In a cashierless store, customers scan a smartphone app to enter, then cameras and sensors track what they remove from shelves. The retailer bills the customer using credit or debit cards on file.
In a cashierless store, customers scan a smartphone app to enter, then cameras and sensors track what they remove from shelves. The retailer bills the customer using credit or debit cards on file.
Image: Shoprite/Supplied

Some consumers have threatened to boycott Checkers after the group announced the launch of its cashierless trial store on Wednesday.

Among the dominant concerns and complaints about the pilot store is the potential loss of employment for those who work for the retailer, should it decide to adopt the concept at stores countrywide. 

The strategy seeks to provide a more convenient shopping experience for customers and to monitor their behaviour using technology. 

The trial store is operating from Cape Town, where only 40 items are available to purchase. The cashierless store allows customers to scan their smartphone app to enter, while cameras monitor the items they will pick up from the shelves. 

There were some positive comments from readers who welcomed the convenience it would provide to shoppers, while others said the change was not a surprise as SA is moving towards the fourth Industrial Revolution (4IR).

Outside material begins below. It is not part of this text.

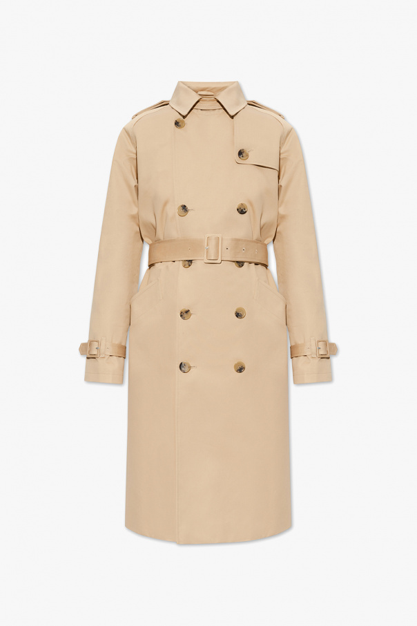 Beige trench coat from A.P.C. Crafted from cotton, this style features a double-breasted silhouette with buttons, a waist-cinching buckle belt, two slip pockets, a single back vent and long sleeves with buckle adjusters.

But most who responded to the reports were unimpressed by the concept, claiming it may have come too early for SA, which has an official unemployment rate of 32.6%, according to Stats SA.

Others have gone as far as threatening to boycott the retailer if it rolls out the cashierless stores. 

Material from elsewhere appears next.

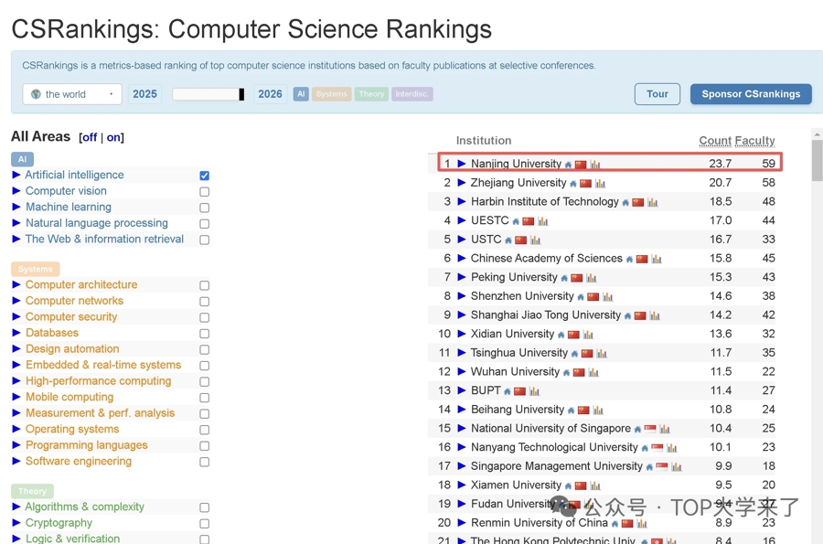 近日,计算机科学领域权威榜单2026 CSRankings正式发布,在人工智能学科的全球排名中,南京大学以23.7的分数位居全球第一,这一成绩不仅刷新了国内高校在该榜单的历史最佳表现,更标志着中国人工智能研究实力正式站上世界之巅。

Any comment from Checkers on the criticism will be included once received.

Shannon Moffett wrote: “Shocking that they would consider this with such high unemployment. It won't stop there.”

Matome Moremi also echoed concerns about unemployment and called for government intervention. “Can the government stop this shop from introducing this nonsensical idea, as it will just make the unemployment worse,” Moremi wrote. 

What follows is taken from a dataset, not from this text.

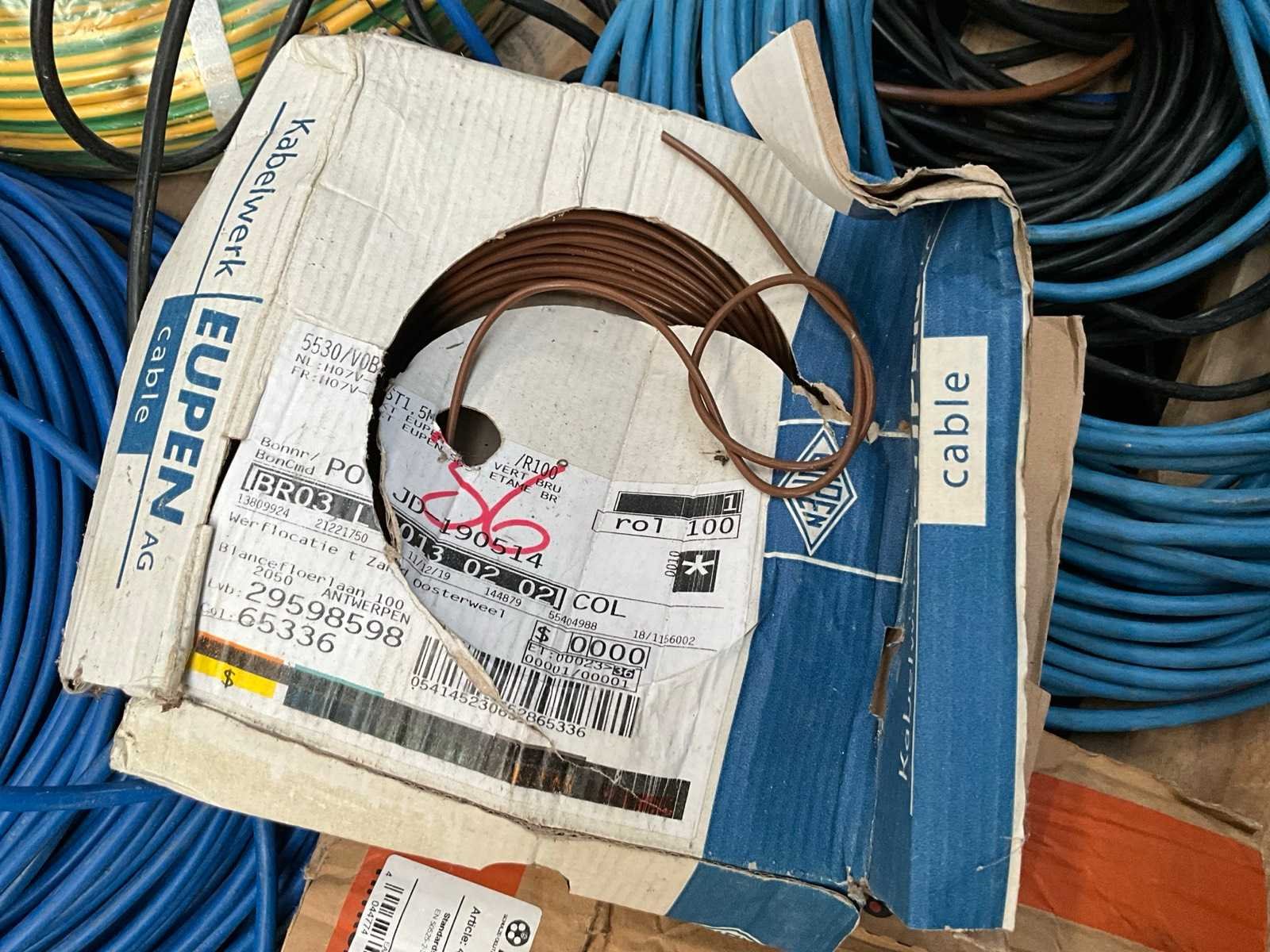 Waaronder 100m H07V2-K, 2x 100m CAE HP Plat en diversen. Waaronder aangesproken. Nee

Shanta Nair wrote: “This is not right for SA. The unemployment rate is too high and this will negatively impact too many families who rely on a cashier's salary. I definitely will not shop at any place that doesn't give me the option of a friendly cashier.”

For Maisha Bopape, technology takeover is unavoidable. He said South Africans must start their own businesses: “This is a wake-up call for all of us who depend on other people for work that we must start small businesses because technology is taking over and nothing is going to stop it.”